The effective impact of this was that many users were unable to load applications on the webpage or interact with canisters as the majority of messages during this period of time were either rate limited or rejected by the replica. In the project’s case, many users were unable to load the application fully and claim their NFT.
During the peak period at 20:00 UTC, traffic increased dramatically, peaking at just over 38k requests/sec.
During earlier waves, the replicas and subnet behaved normally. During the peak period, an influx of heavy update traffic (202 call submit) came in going from 18 updates/s to over 1k updates/s to the subnet.
Close up for the critical time period:
This caused a dip in finalization rate from around 1 block/s to a bit over 0.3 blocks/s.
During this period, heavy ingress message throttling was observed, reaching levels of over 50 messages/s.
Execution round instruction went to over 1.8 billion and execution rounds were taking around 2.5 seconds (with large outliers).
During the peak period, client side (browser console log) visiting the project’s asset canister, directly served from the IC, shows a ton of error code 500 returned from boundary.ic0.app. Its frontend requires many assets to load to become fully functional: this explains why so many users were not able to do anything except keep reloading the page.
Timeline (UTC)
- 2021-09-01T16:00 - The first wave of NFT claiming and countdown starts.
- 2021-09-01T16:15 - Rate limiting by the boundary nodes is observed on query calls, a pattern which continues to increase as 20:00 approaches.
- 2021-09-01T19:00 - The second wave of NFT claiming occurs; this causes further increases in traffic, but update volume is still low as this group has a limited number of participants.

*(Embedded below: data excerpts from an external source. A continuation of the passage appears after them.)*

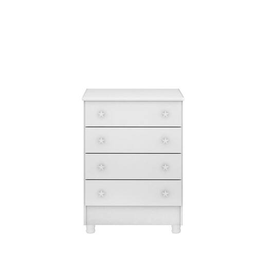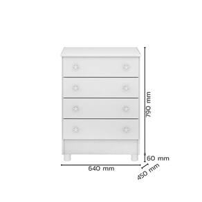 A Cômoda Encanto Feliz oferece praticidade e encanto para o seu ambiente. Com quatro gavetas espaçosas, proporciona amplo espaço de armazenamento para suas roupas e acessórios. As gavetas contam com corrediças metálicas de qualidade, garantindo um deslizamento suave e eficiente.
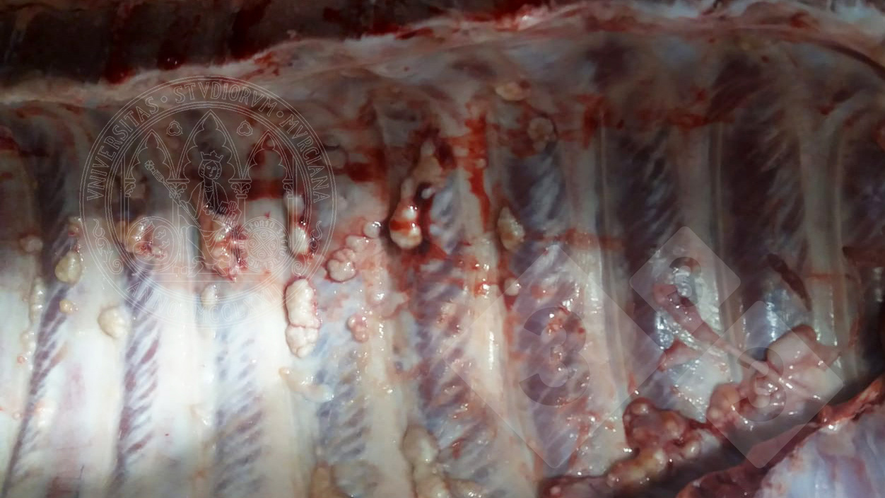 Observam-se lesões de cor branco-amarelado de diferentes tamanhos aderidas a parte interna das costelas de um suíno em crescimento. Tratam-se de granulomas tuberculosos numa superfície serosa. Os suínos são susceptíveis a infecção por Mycobacterium bovis, M. tuberculosis e pelo complexo M. avium e as lesões podem chegar a estas localizações por disseminação hematogênica ou linfogênica retrógrada.
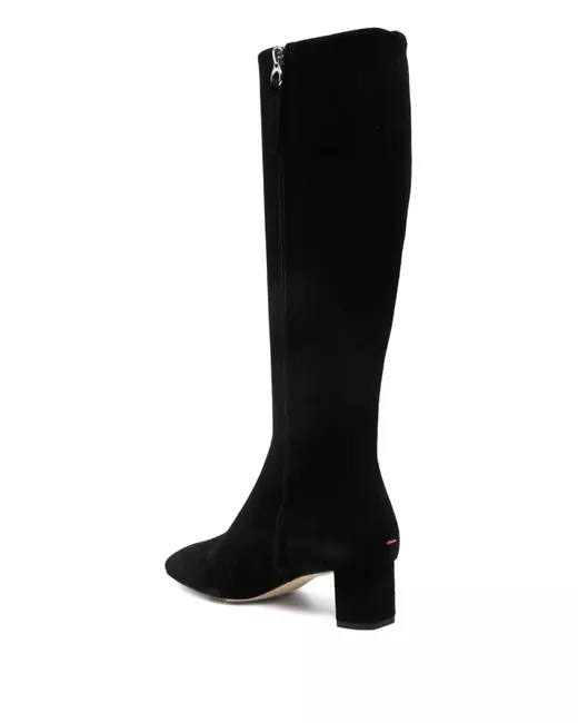 black suede upper block heel knee-high shaft square toe side zip fastening
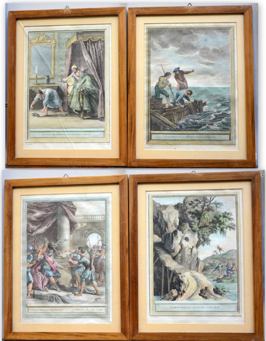 Gruppo di quattro incisioni a colori tratte dall' opera di Jean-Baptiste Oudry (cm 30,5x22). In cornici (lievi difetti)
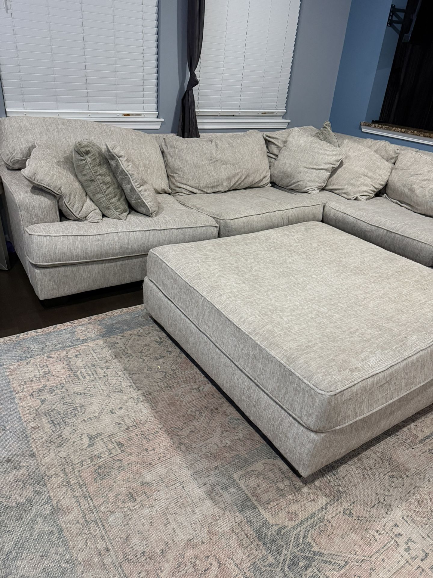 Comfortable sectional couch with huge matching ottoman and matching end tables. One cushion will need to have zipper repaired. But rest of set is in fairly used condition.
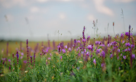 beautiful wild purple flowers at sunset, close up. Spring farm field landscape. Floral background.
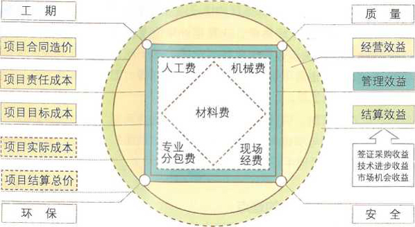 “方圓圖”是具有操作性的工具。其一,“方圓圖” 完整詮釋了建筑項(xiàng)目管理行為間的關(guān)系。“接項(xiàng)目”確定了合同造價(jià),對(duì)應(yīng)方圓圖的實(shí)線圓;“做項(xiàng)目”的第一步是下達(dá)項(xiàng)目目標(biāo)責(zé)任書,確定項(xiàng)目責(zé)任成本,對(duì)應(yīng)方圓圖的責(zé)任成本方形,第二步分子公司在責(zé)任書的基礎(chǔ)上進(jìn)行項(xiàng)目實(shí)施策劃,產(chǎn)生項(xiàng)目的目標(biāo)成本,對(duì)應(yīng)方圓圖的目標(biāo)成本方形,第三步就是項(xiàng)目實(shí)施過程的管控,最終確定實(shí)際成本,對(duì)應(yīng)方圓圖的實(shí)際成本方形?!八阗~收錢”就是完成項(xiàng)目過程中的結(jié)算變更與最后的決算收款,從而確定結(jié)算造價(jià),對(duì)應(yīng)方圓圖的結(jié)夢(mèng)造價(jià)虛線圓。項(xiàng)目實(shí)施過程中進(jìn)度、質(zhì)量、安全、環(huán)保及周邊相關(guān) 方的管理對(duì)應(yīng)成本方形的四個(gè)支撐頂點(diǎn),構(gòu)成成本的五項(xiàng)費(fèi)用“材料、人工、機(jī)械、現(xiàn)場(chǎng)經(jīng)費(fèi)、專業(yè)分包”對(duì)應(yīng)成本方形的內(nèi)部區(qū)域。

- 2021-09-01T20:00 - The main drop of NTFs occurs and traffic dramatically increases, peaking at 38k req/s to the boundary nodes. Subnet pjljw finalization rate drops to 0.3 blocks/s
- 2021-09-01T20:05 - The ICA dashboard is observed to fail to load during this period.
- 2021-09-01T20:40 - Traffic tapers off as the drop ends and project shows sold out. Traffic drops to 10k req/s and continues to drop as time goes on.
- 2021-09-01T20:45 - The ICA dashboard returns to normal operation.
- 2021-09-01T20:45 - Subnet pjljw returns back to normal finalization rate.
What caused the disruption?
High query load to a few canisters caused the rate limiting. The high update load caused the subnet performance to degrade afterwards. These two factors resulted in the project’s applications along with other canisters on the subnet being inaccessible to many users.
What went wrong?
The IC replicas were not serving real user traffic anywhere close to the theoretical maximum rate.
What went right?
The subnet pjljw continued processing queries and updates and did not fail despite the high traffic. The boundary nodes also continued successfully serving traffic. The rate limiting protections worked well and protected the subnet from the bulk of the traffic, which unfiltered could have caused more disruption in the subnetwork replicas.
Follow-up action Items
- Improve documentation on how to scale decentralized applications on the IC.
- Enable (standards compliant) caching of HTTP on the boundary nodes and communicate best practices to developers.
- Evaluate query API call result caching on replicas within a block interval.
- Use more threads for Execution (currently we are single threaded using 1 of 64 cores).
- Load test and tune the rate limits based on more realistic traffic loads.